**ACTION ITEM**
The whole listing, exactly as given: write it out, leaving out each image.

**INFORMATION SUPPLIED**
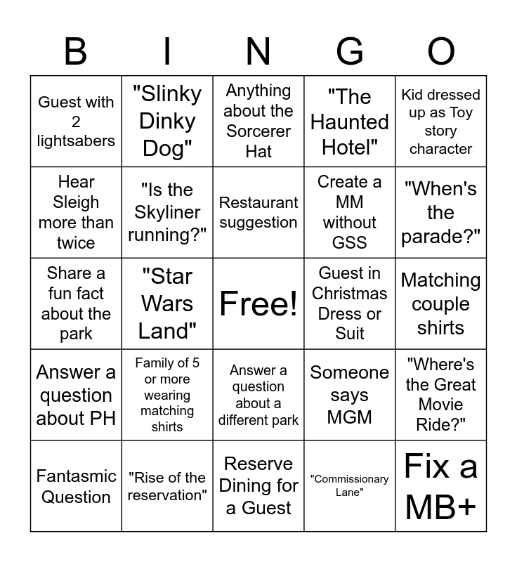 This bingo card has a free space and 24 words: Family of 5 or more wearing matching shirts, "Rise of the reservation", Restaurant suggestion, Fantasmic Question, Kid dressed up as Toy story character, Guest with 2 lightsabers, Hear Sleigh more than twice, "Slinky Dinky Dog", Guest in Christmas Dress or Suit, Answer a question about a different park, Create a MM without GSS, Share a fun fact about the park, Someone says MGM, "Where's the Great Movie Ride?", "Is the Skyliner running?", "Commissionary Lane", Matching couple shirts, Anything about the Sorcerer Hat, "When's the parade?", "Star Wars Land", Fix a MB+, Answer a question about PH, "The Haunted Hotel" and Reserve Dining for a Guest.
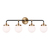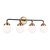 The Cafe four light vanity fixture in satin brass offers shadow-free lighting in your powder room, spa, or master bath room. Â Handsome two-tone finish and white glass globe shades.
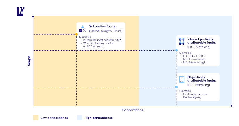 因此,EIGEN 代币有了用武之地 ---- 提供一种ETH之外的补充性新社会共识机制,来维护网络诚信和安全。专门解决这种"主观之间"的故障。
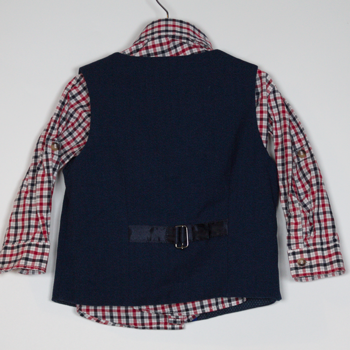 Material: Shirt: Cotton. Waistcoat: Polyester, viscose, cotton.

**OUTPUT BELOW**
 This bingo card has a free space and 24 words: Family of 5 or more wearing matching shirts, "Rise of the reservation", Restaurant suggestion, Fantasmic Question, Kid dressed up as Toy story character, Guest with 2 lightsabers, Hear Sleigh more than twice, "Slinky Dinky Dog", Guest in Christmas Dress or Suit, Answer a question about a different park, Create a MM without GSS, Share a fun fact about the park, Someone says MGM, "Where's the Great Movie Ride?", "Is the Skyliner running?", "Commissionary Lane", Matching couple shirts, Anything about the Sorcerer Hat, "When's the parade?", "Star Wars Land", Fix a MB+, Answer a question about PH, "The Haunted Hotel" and Reserve Dining for a Guest.
 The Cafe four light vanity fixture in satin brass offers shadow-free lighting in your powder room, spa, or master bath room. Â Handsome two-tone finish and white glass globe shades.
 因此,EIGEN 代币有了用武之地 ---- 提供一种ETH之外的补充性新社会共识机制,来维护网络诚信和安全。专门解决这种"主观之间"的故障。
 Material: Shirt: Cotton. Waistcoat: Polyester, viscose, cotton.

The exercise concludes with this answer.